No sooner have the gymnasts dropped to the ground and begun to collapse their apparatus, than a motorcyclist roars into view above them, with a trapeze artist performing on a cradle beneath him. The high wire artists' most crowd-wowing stunt sees biker and trapeze artist revolving around the wire, with him passing under it as she swings over it.

When the bike backs out of sight, Ludvik Novotny is already atop a platform centre stage, ready to impress with his rola-rola routine.

Another of the show's seamless transitions is achieved by a two-man balancing act (pictured above) performing in part atop a ramp and platforms that will be used by the BMX stunt bike trio that follow them.

The balancers conclude their act with a neat fall from a human pyramid to a pair of forward rolls and exit via an aisle through the audience as the BMXers ride into the ring behind them.

The highlight of the BMX routine sees a female performer lie in a star shape on the floor while a rider, standing up on one wheel, hops his bike around and over her, missing her limbs by inches.
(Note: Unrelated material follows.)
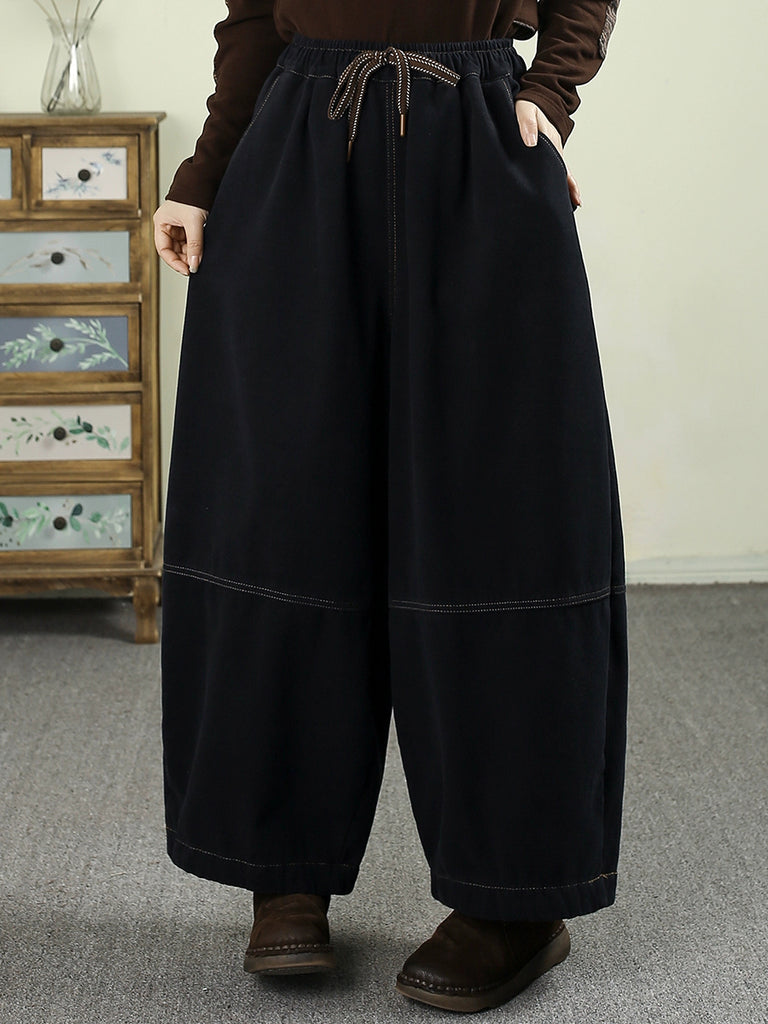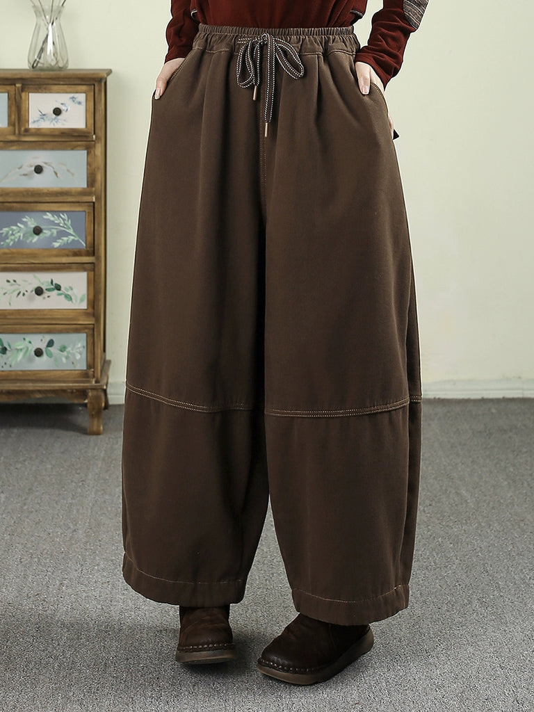 Ženske zimske retro harem hlače s flis podstavom u čistoj boji

It's a stunt reminiscent of an elephant stepping over their trainer's assistant in the world of circus past, and is one of those apparently dicing with death circus moments that really ramps up the tension in an audience.
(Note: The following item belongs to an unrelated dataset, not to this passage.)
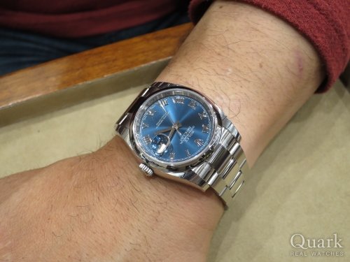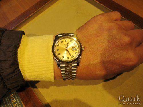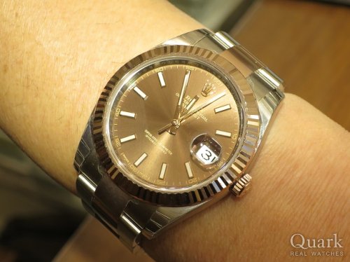 DATEJUSTⅡ(Ref.116333)からの買替で購入しました。イエローゴールドに比べて渋い印象で派手過ぎず腕への収まりが良く気に入ってます! ローマ数字文字盤があれば文句の付けどころがないのに残念・・・。また近く寄った際は遊びに行きます!

Is the danger to the woman in this stunt really greater than that of the aerial artists performing on silks and chains elsewhere in the show? Or the daredevil motorcyclists circling inside the Globe of Death? It's hard for the audience to judge, but I would argue that it feels greater. We don't have the experience of being up on the silk while possessing the skill those artists have, and part of their job is making it look easy, rather than precarious. But we can imagine how it would feel to trust your safety to a bloke on a bike and how it would feel if his wheel and weight accidentally landed on your arm, or your stomach... or your head

I wouldn't like to lie there, put it that way - and it's that empathic reaction that really connects the performance to the audience.

On a lighter note, the tall Whimmy Walker and the 3-foot-tall Paulo Dos Santos make a great clown duo, entering on a bouncy motorcycle and a tiny bike. Their tramp-style costumes and absence of traditional clown make-up fit perfectly with the contemporary cirque style while they mix juggling skills with traditional slapstick. Paulo is a sometime Ringling star and Whimmy's great-great-grandfather clowned for Queen Victoria, so they both know exactly what they're doing.

Elsewhere in the show is a crossbow act and a couple of aerial routines with three artists in the air at the same time, the central performer on chains or hanging from her hair, while the other two perform on silks to either side of her. The result is much stronger visually than having just one aerialist in the ring, which is often the case with such acts.

The shaven-headed Alexandr Shpilevoy displays masterful control in an elegant, dramatic and accomplished Cyr wheel act. The act ends with him backing away into the shadows while his hoop continues to spin alone in the spotlight. It's a very striking visual image.

The show concludes with the ever-lurking Globe of Death being brought forward into the centre of the ring.

As I said in my review of Planet Circus (which you can read here), the Globe is not my favourite stunt. The fact that EVERY circus seems to end with one has made it too commonplace for my liking.

The one at Berserk is well lit, however, and looks good close-up from front row. The show also adds a couple of twists. A ballerina stands in the centre of the cage and lets one of the motorcyclists snatch a feather from her hand as the bikes revolve around her. Then, when the stunt riders have left, Paulo Dos Santos enters the globe on a miniature motorbike and roars around the inside while the rest of the company come out to take a bow.

It's a nice end to a fast-flowing show that crams 90 minutes worth of acts into 45 and delivers outstanding value for money. Is it better or worse than Zippos Christmas Show in the afternoon? The two shows are as different as apples and oranges and equally outstanding. Any circus fan heading for Hyde Park this winter would miss out if they didn't see both.

Cirque Berserk has shows at 18:00, 19:30 and 21:00 each day except Christmas Day until 31 December.